A menudo el niño que deseaba ser cura creaba conflictos entre padre y madre, ahora no hay peligro de que la paz familiar se vea turbada por una infantil vocación apoyada por la madre y rechazada absolutamente por el padre. Antes, en la imaginación de los niños ocupaban los primeros lugares el carabiniere y el cura, sin embargo, en la actualidad, han sido sustituidos por el ingeniero constructor de cohetes interespaciales y el jugador de fútbol; si van al seminario saben a ciencia cierta que saldrán de él a una edad razonable. Por esta razón en Regalpetra muchas iglesias corren el peligro de quedarse sin cura titular, a menos que se recurra a la importación.

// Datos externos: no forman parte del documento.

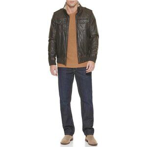 Faux Leather Aviator Bomber Jacket (Regular & Big & Tall Sizes)

A excepción del párroco de san Rocco, los curas de Regalpetra son personas tranquilas, dicen misa y renuevan los ramos de flores de los altares, pasan cuentas y murmuran un poco del arcipreste; todos tienen algunas propiedades, tierra del Señor o tierra heredada. Los incidentes con los comunistas a propósito de bautismos y casamientos se reducen al mínimo indispensable, con tanta buena voluntad por ambas partes que ni siquiera cuando, para emigrar al Canadá, hay que certificar que un comunista no es comunista, los curas se fijan en menudencias. Monseñor —injustamente considerado incapaz de actos de clemencia— tiene una visión de los comunistas semejante a la que Kutusof tenía de Napoleón; mientras éstos avanzan, la DC y con ella los parientes de monseñor, van haciendo limpieza y manipulan con suma brillantez las oficinas de colocación, los astilleros escuela y las entidades asistenciales; pero si se retiran, a enemigo que huye puente de plata: el certificado de que no pertenecen al PC o al PSI, viático indispensable para que uno pueda ir a cortar leña a los bosques del Canadá. En el momento de extender el certificado, monseñor hace una llamada a la conciencia del interesado. «Yo no sé —dice— si tú eres o no eres comunista, eso lo sabe tu conciencia», y al campesino le parece ridículo esa conciencia; morir de hambre en Regalpetra y que le hablen de conciencia no liga.